Multiclass output, provided all the target labels have the same number of classes: $Y \in \left\{ 0, .., C \right\}^L$.
Minibatch support, with vectorized computation of the messages $\alpha_i(y_i)$ and $\beta_i(y_i)$.

💡 Example

To create a Tree-structured CRF, you must first define the tree encoding the relationships between variables. Let's build a simple CRF for a root variable with two children:

First, define an adjacency matrix $M$ representing the hierarchy, such that $M_{i,j}$ is $1$ if $j$ is a parent of $i$:

adjacency = torch.tensor([
    [0, 0, 0],
    [1, 0, 0],
    [1, 0, 0]
])

Then, create the a CRF with the right number of features, depending on your feature space, like you would for a torch.nn.Linear module, to obtain a Torch model:

crf = torch_treecrf.TreeCRF(n_features=30, hierarchy=hierarchy)

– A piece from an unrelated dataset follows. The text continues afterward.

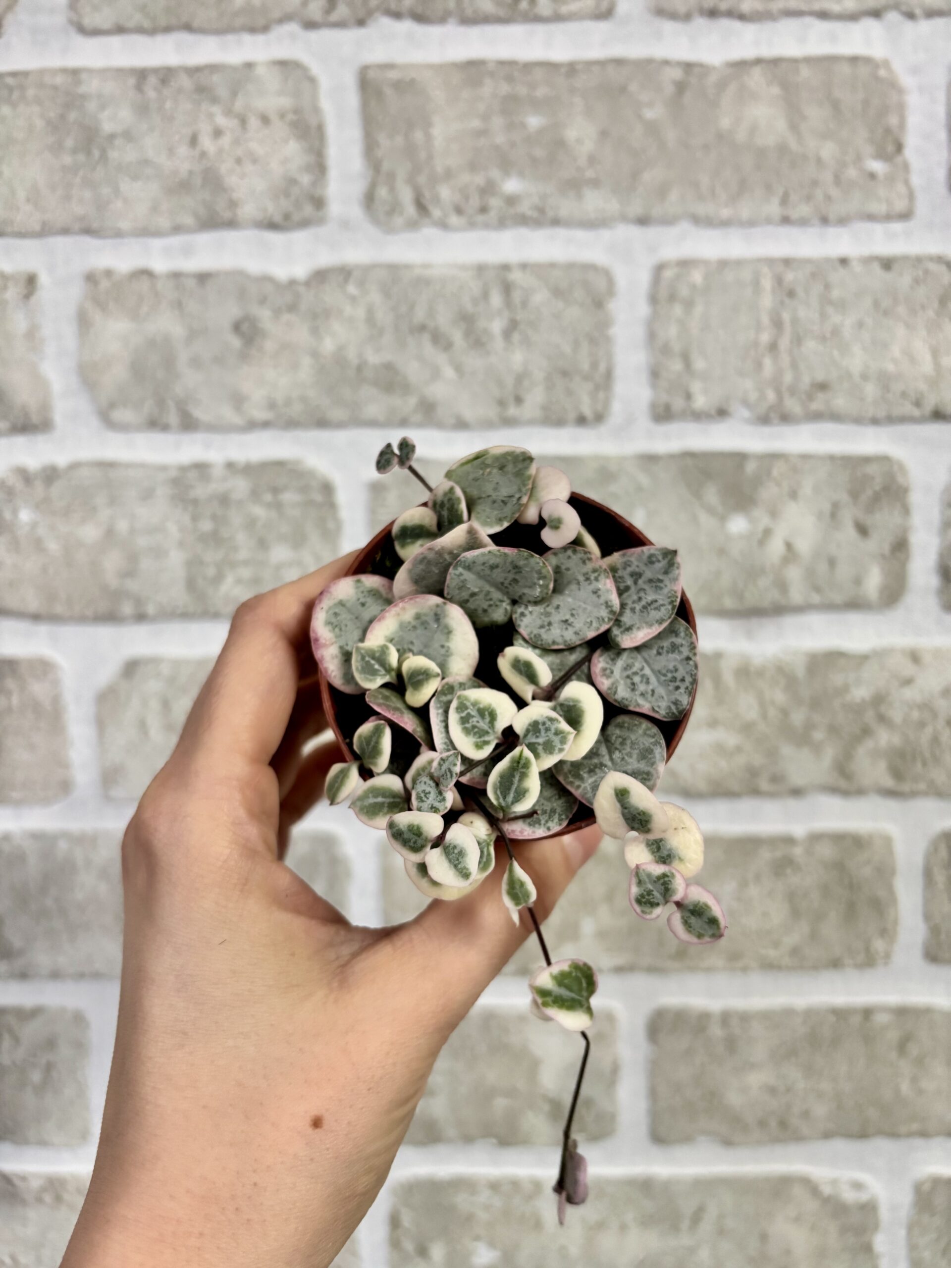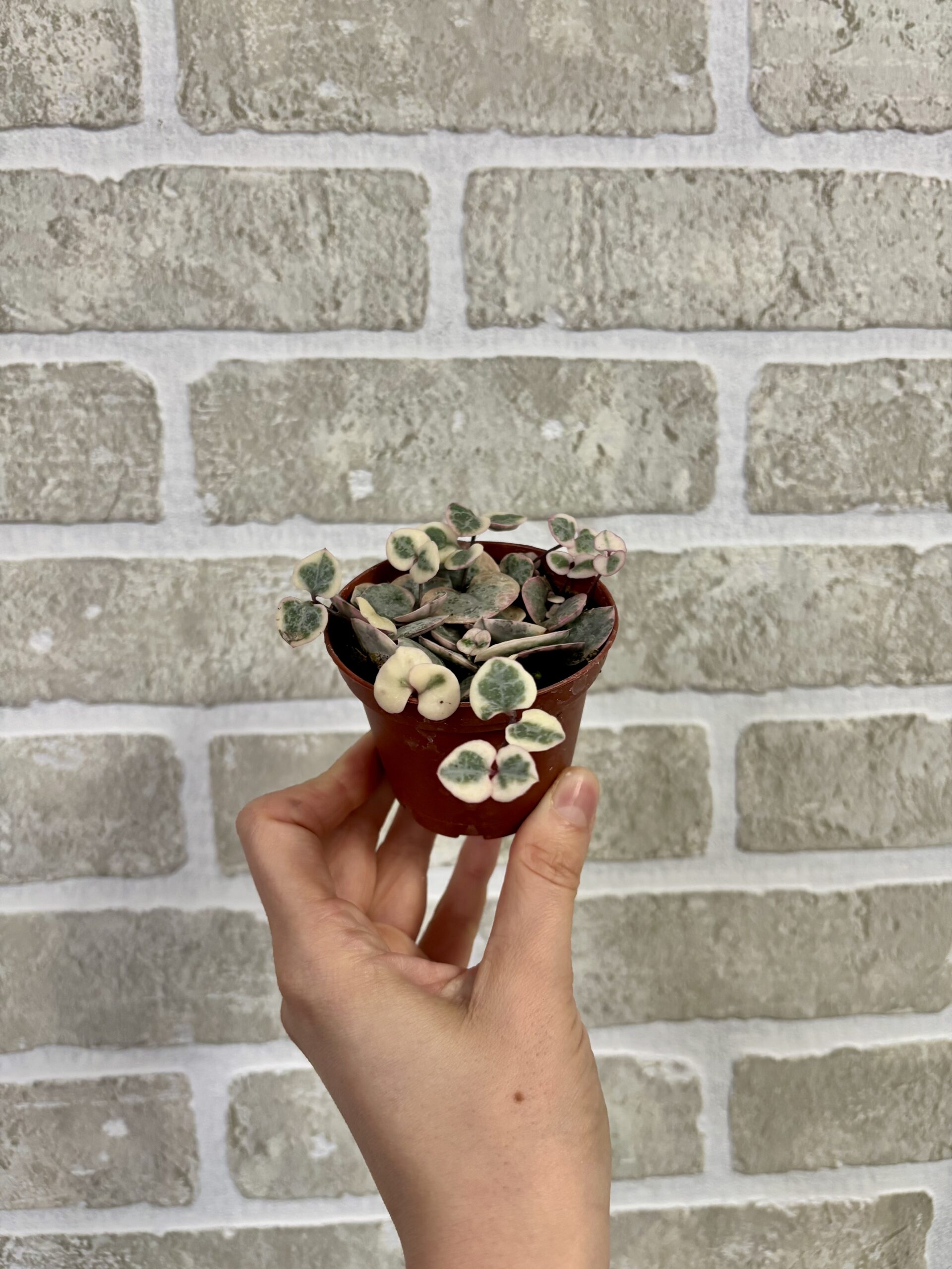 La String of Hearts Variegata séduit par ses petites feuilles en forme de cœur aux teintes rosées, crème et vert, parfaites pour un décor délicat et romantique.

If you wish to use the CRF layer only, use the TreeCRFLayer module, which expects and outputs an emission tensor of shape $(\star, C, L)$, where $\star$ is the minibatch size, $L$ the number of labels and $C$ the number of class per label.

💭 Feedback

⚠️ Issue Tracker

Found a bug ? Have an enhancement request ? Head over to the GitHub issue tracker if you need to report or ask something. If you are filing in on a bug, please include as much information as you can about the issue, and try to recreate the same bug in a simple, easily reproducible situation.

🏗️ Contributing

Contributions are more than welcome! See CONTRIBUTING.md for more details.

⚖️ License

This library is provided under the MIT License.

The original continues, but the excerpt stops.